▶ **Your assignment**
The entries below need to be transcribed exactly, without their images.

Start of Material provided

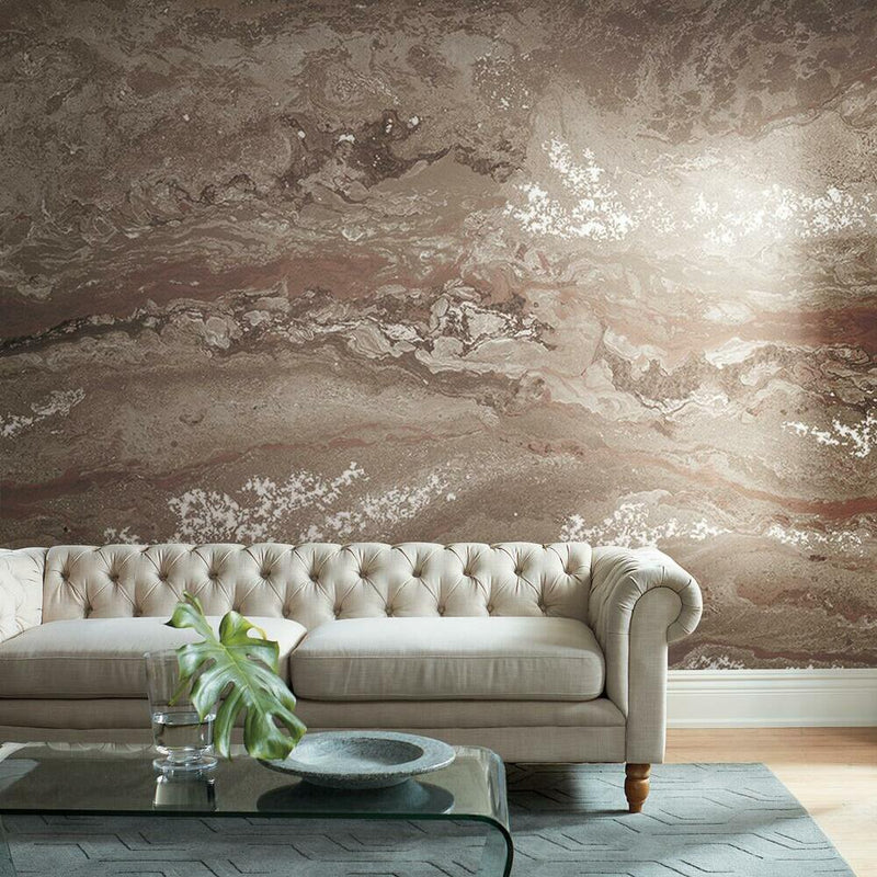 Эта настенная роспись, выполненная цифровой печатью на светоотражающей слюде, отражает сущность земли, камня, воды и воздуха. Художественное исследование широких возможностей создает естественный узор свободной формы.
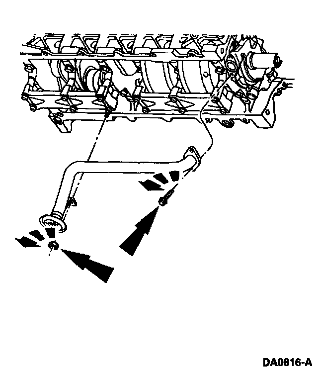 ^ Position the oil pump screen cover and tube on the engine.
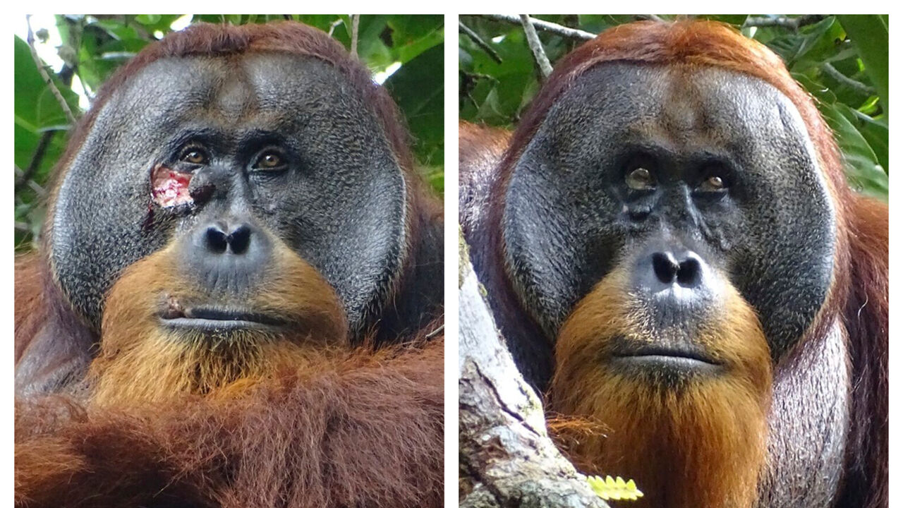 "In een beschermd natuurgebied op het eiland Sumatra, een deel van Indonesië, hebben wetenschappers voor het eerst een wild dier zijn eigen vleeswond zien behandelen met een geneeskrachtige plant. De orang-oetan Karus gebruikte het sap en herkauwde bladeren van een liaan die de Aziatische bevolking gebruikt om diabetes en malaria te behandelen. Na een maand was de wond helemaal hersteld...
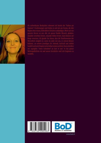 Als aufmerksame Beobachter erkennen wir bereits die "Farben am Horizont". Erscheinungen und Farben in und um uns herum, die den Beginn eines neuen, lichtvolleren Zeitalters ankündigen. Wenn wir von ganzem Herzen an uns alle, als grosse Familie Mensch, glauben, einander verzeihen lernen, einander lieben lernen, dann können wir Berge versetzen. Ich glaube fest daran, dass die Transformation der Menschheit möglich ist, wenn ein jeder von uns, in seinem kleinen Rahmen, an seinem jeweiligen Ort lichtvoll, kraftvoll und ehrlich handelt und somit beginnt seine Geburtsvision zu leben. Dann schreiben wir tagtäglich "einen Liebesbrief an Gott in uns" in das grosse Weltengedächtnis ein und unsere Geschichte wird sich beginnen zu wandeln.
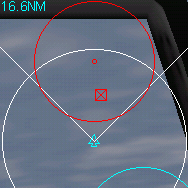 SAMの射程範囲を表す大きな円の中心にある小さな円がレーダーサイトの位置。
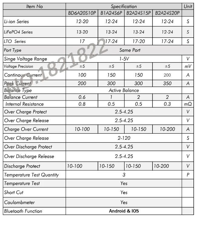 Каждая ячейка должна соответствовать задолго до установки BM (внутренние различия в сопротивлении батареи в пределах 5 миллиом, напряжение в пределах 0,03 в, емкость варьируется в пределах 50 мА · ч). Lfepo4 cell, напряжение между 2,6 V ~ 3,5 V, li-ion cell, напряжение между 3 ~ 4V.
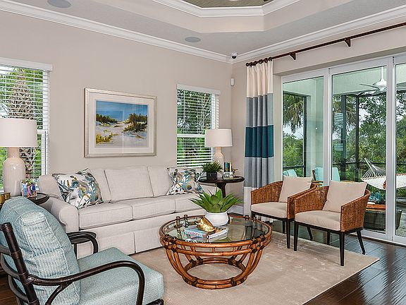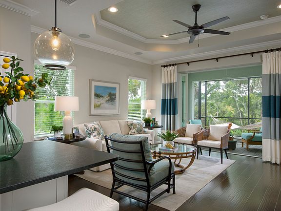 The Crystal Sand by Neal Communities is comfortable, accommodating and charmingly attractive. The common living area is an open expanse including the gourmet kitchen and great room. The island with breakfast bar in the kitchen can be extended if preferred. A nearby separate dining room offers the option of being a den. The inviting great room can include the option of a coffered ceiling and features glass sliders leading out to the covered lanai. Off the great room you enter the master suite bedroom with optional door that opens to the lanai. The suite's two closets include a walk-in and the master bath features two sink vanities, a walk-in shower and private water closet. The second bedroom is situated convenient to a full bath.
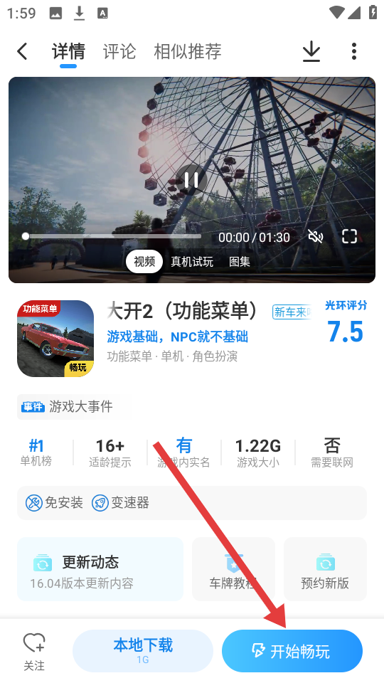 4、要是我们对某款游戏感兴趣,比如《火力大开2(功能菜单)》,点击进入详情页,然后点击【开始畅玩】按钮,就能开始玩游戏啦。
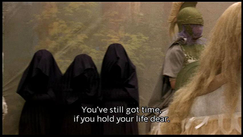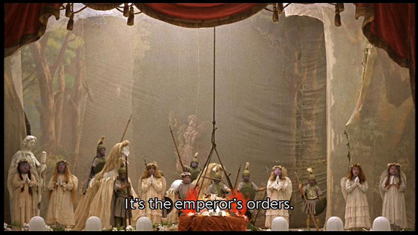 [Little Juliet] Yes, I do. [Boy] You’ve still got time, if you hold your life dear. [Little Juliet] I don’t care about the clemency you offer me, but about the salvation of my soul. [Boy] It’s the emperor’s orders. |
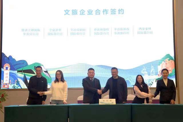 專題推介會上,平?jīng)鍪形幕瘡V電和旅游局推介了全市文旅資源及“引客入平”系列支持政策,崆峒山、大云寺·王母宮、龍泉寺、云崖寺等重點景區(qū)和涇川橙香瑤池溫泉酒店分別作了主題推介。平?jīng)鑫穆猛豆九c西安一帶一路文旅公司、涇川大云恒盛旅游公司與西安黃河國旅、崇信公劉文旅投公司與寶雞春暉旅行社、莊浪關(guān)山文旅投公司與寧夏新文化國旅、崆峒山國旅與重慶新旅程國旅、甘肅蘭神國旅平?jīng)龇止九c寧夏港中國旅、平?jīng)雎糜伟偈峦ㄅc西安金橋國旅等14家省內(nèi)外旅行社分別簽訂“引客入平”客源互送合作協(xié)議。推介環(huán)節(jié)還進行了《神仙留戀的好地方》《崆峒武術(shù)魂》《折柳》和《春天的芭蕾》等文藝表演,與會嘉賓參觀了“問道崆峒·養(yǎng)生平?jīng)?rdquo;文旅形象圖片展、文旅產(chǎn)品市集、非遺技藝展示及網(wǎng)絡(luò)直播和非遺文創(chuàng)產(chǎn)品展。甘肅省文旅廳有關(guān)處室、各相關(guān)市州文旅部門負責(zé)人和省內(nèi)外旅行商、文旅企業(yè)、媒體記者代表,平?jīng)鍪兄攸c景區(qū)、文旅投公司、文創(chuàng)企業(yè)代表共150余人參加。
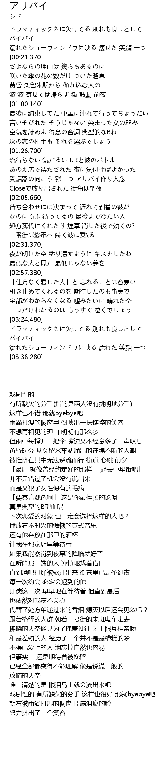 | [00:07.530] | ドラマティックさに欠けてる 別れも良しとして バイバイ |
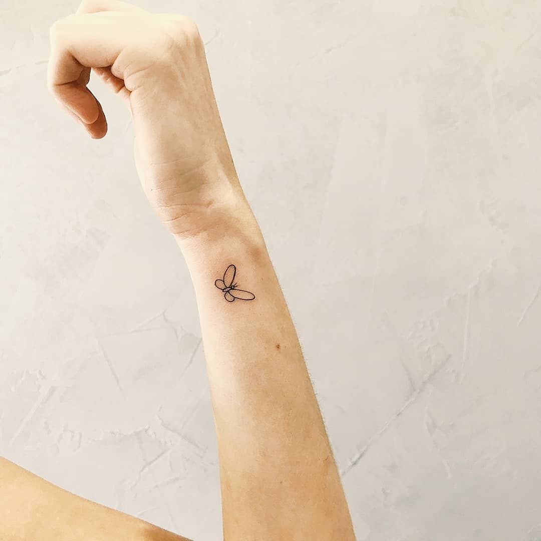 This image showcases a delicate butterfly tattoo, capturing a sense of freedom and grace. Its minimalist design is perfect for those who appreciate subtle elegance in their body art. For anyone considering a wrist tattoo, starting with a simple design can make a meaningful statement without overwhelming the space.
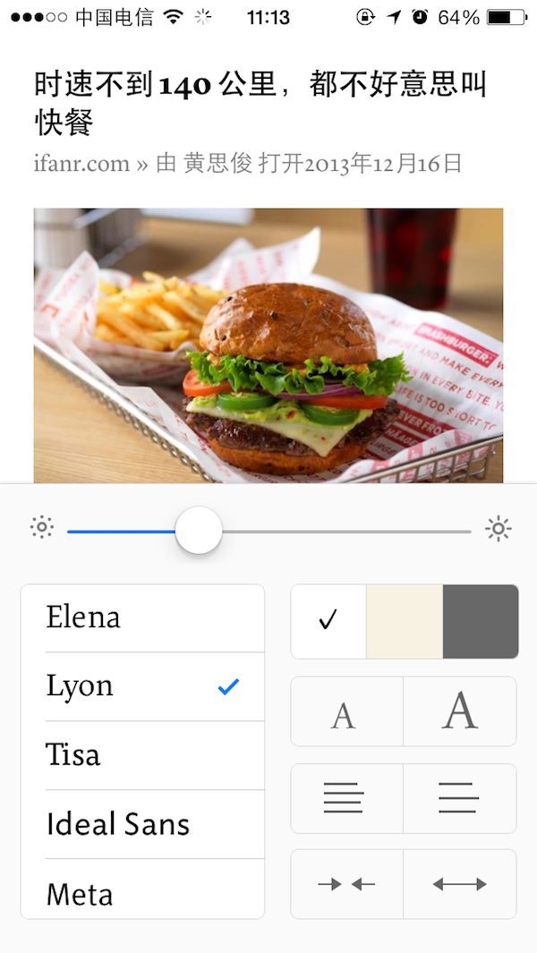阅读过程中,随意调整字体自然是不必说(不过似乎只对拉丁字母有效),Instapaper 还在同一界面放进了快速调整行距、页边距的选项。
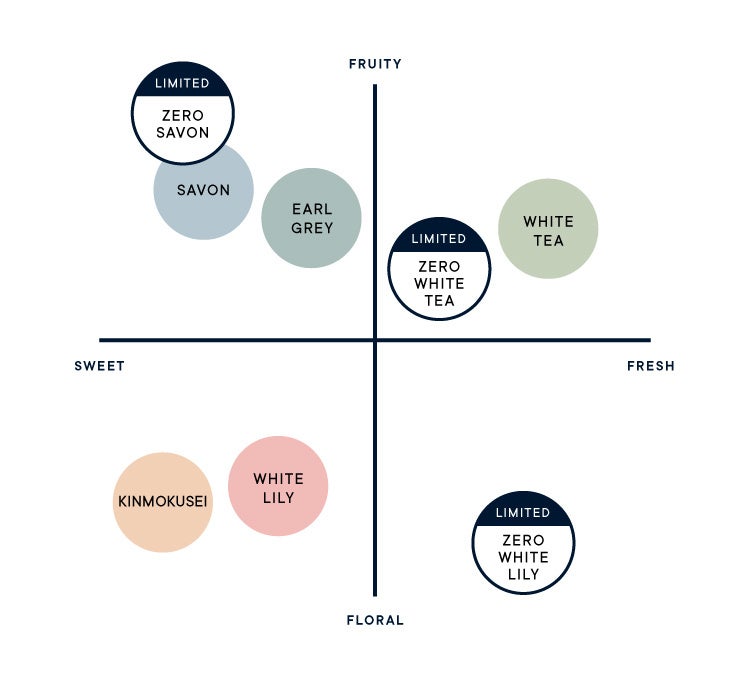 ベルガモットやペアーの果実感をアクセントに、甘さのあるフローラルをプラスすることでリニューアル前のホワイトティーの香料に奥行きが生まれました。ラストのやわらかなウッディの香りが、シトラスとフルーティーフローラルを穏やかに引き立てて、どんなときの気分にも寄り添ってくれる香りです。
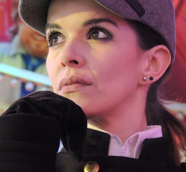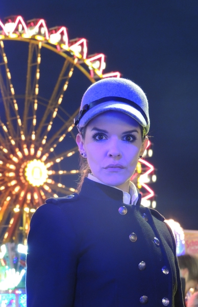 "Gegensätze" hier gezeigt durch Vanessa, eine schöne aber sehr coole Frau im bunten Treiben eines Jahrmarktes

End of Material provided

▶ **Output for this task**
 Эта настенная роспись, выполненная цифровой печатью на светоотражающей слюде, отражает сущность земли, камня, воды и воздуха. Художественное исследование широких возможностей создает естественный узор свободной формы.
 ^ Position the oil pump screen cover and tube on the engine.
 "In een beschermd natuurgebied op het eiland Sumatra, een deel van Indonesië, hebben wetenschappers voor het eerst een wild dier zijn eigen vleeswond zien behandelen met een geneeskrachtige plant. De orang-oetan Karus gebruikte het sap en herkauwde bladeren van een liaan die de Aziatische bevolking gebruikt om diabetes en malaria te behandelen. Na een maand was de wond helemaal hersteld...
 Als aufmerksame Beobachter erkennen wir bereits die "Farben am Horizont". Erscheinungen und Farben in und um uns herum, die den Beginn eines neuen, lichtvolleren Zeitalters ankündigen. Wenn wir von ganzem Herzen an uns alle, als grosse Familie Mensch, glauben, einander verzeihen lernen, einander lieben lernen, dann können wir Berge versetzen. Ich glaube fest daran, dass die Transformation der Menschheit möglich ist, wenn ein jeder von uns, in seinem kleinen Rahmen, an seinem jeweiligen Ort lichtvoll, kraftvoll und ehrlich handelt und somit beginnt seine Geburtsvision zu leben. Dann schreiben wir tagtäglich "einen Liebesbrief an Gott in uns" in das grosse Weltengedächtnis ein und unsere Geschichte wird sich beginnen zu wandeln.
 SAMの射程範囲を表す大きな円の中心にある小さな円がレーダーサイトの位置。
 Каждая ячейка должна соответствовать задолго до установки BM (внутренние различия в сопротивлении батареи в пределах 5 миллиом, напряжение в пределах 0,03 в, емкость варьируется в пределах 50 мА · ч). Lfepo4 cell, напряжение между 2,6 V ~ 3,5 V, li-ion cell, напряжение между 3 ~ 4V.
 The Crystal Sand by Neal Communities is comfortable, accommodating and charmingly attractive. The common living area is an open expanse including the gourmet kitchen and great room. The island with breakfast bar in the kitchen can be extended if preferred. A nearby separate dining room offers the option of being a den. The inviting great room can include the option of a coffered ceiling and features glass sliders leading out to the covered lanai. Off the great room you enter the master suite bedroom with optional door that opens to the lanai. The suite's two closets include a walk-in and the master bath features two sink vanities, a walk-in shower and private water closet. The second bedroom is situated convenient to a full bath.
 4、要是我们对某款游戏感兴趣,比如《火力大开2(功能菜单)》,点击进入详情页,然后点击【开始畅玩】按钮,就能开始玩游戏啦。
 [Little Juliet] Yes, I do. [Boy] You’ve still got time, if you hold your life dear. [Little Juliet] I don’t care about the clemency you offer me, but about the salvation of my soul. [Boy] It’s the emperor’s orders. |
 專題推介會上,平?jīng)鍪形幕瘡V電和旅游局推介了全市文旅資源及“引客入平”系列支持政策,崆峒山、大云寺·王母宮、龍泉寺、云崖寺等重點景區(qū)和涇川橙香瑤池溫泉酒店分別作了主題推介。平?jīng)鑫穆猛豆九c西安一帶一路文旅公司、涇川大云恒盛旅游公司與西安黃河國旅、崇信公劉文旅投公司與寶雞春暉旅行社、莊浪關(guān)山文旅投公司與寧夏新文化國旅、崆峒山國旅與重慶新旅程國旅、甘肅蘭神國旅平?jīng)龇止九c寧夏港中國旅、平?jīng)雎糜伟偈峦ㄅc西安金橋國旅等14家省內(nèi)外旅行社分別簽訂“引客入平”客源互送合作協(xié)議。推介環(huán)節(jié)還進行了《神仙留戀的好地方》《崆峒武術(shù)魂》《折柳》和《春天的芭蕾》等文藝表演,與會嘉賓參觀了“問道崆峒·養(yǎng)生平?jīng)?rdquo;文旅形象圖片展、文旅產(chǎn)品市集、非遺技藝展示及網(wǎng)絡(luò)直播和非遺文創(chuàng)產(chǎn)品展。甘肅省文旅廳有關(guān)處室、各相關(guān)市州文旅部門負責(zé)人和省內(nèi)外旅行商、文旅企業(yè)、媒體記者代表,平?jīng)鍪兄攸c景區(qū)、文旅投公司、文創(chuàng)企業(yè)代表共150余人參加。
 | [00:07.530] | ドラマティックさに欠けてる 別れも良しとして バイバイ |
 This image showcases a delicate butterfly tattoo, capturing a sense of freedom and grace. Its minimalist design is perfect for those who appreciate subtle elegance in their body art. For anyone considering a wrist tattoo, starting with a simple design can make a meaningful statement without overwhelming the space.
阅读过程中,随意调整字体自然是不必说(不过似乎只对拉丁字母有效),Instapaper 还在同一界面放进了快速调整行距、页边距的选项。
 ベルガモットやペアーの果実感をアクセントに、甘さのあるフローラルをプラスすることでリニューアル前のホワイトティーの香料に奥行きが生まれました。ラストのやわらかなウッディの香りが、シトラスとフルーティーフローラルを穏やかに引き立てて、どんなときの気分にも寄り添ってくれる香りです。
 "Gegensätze" hier gezeigt durch Vanessa, eine schöne aber sehr coole Frau im bunten Treiben eines Jahrmarktes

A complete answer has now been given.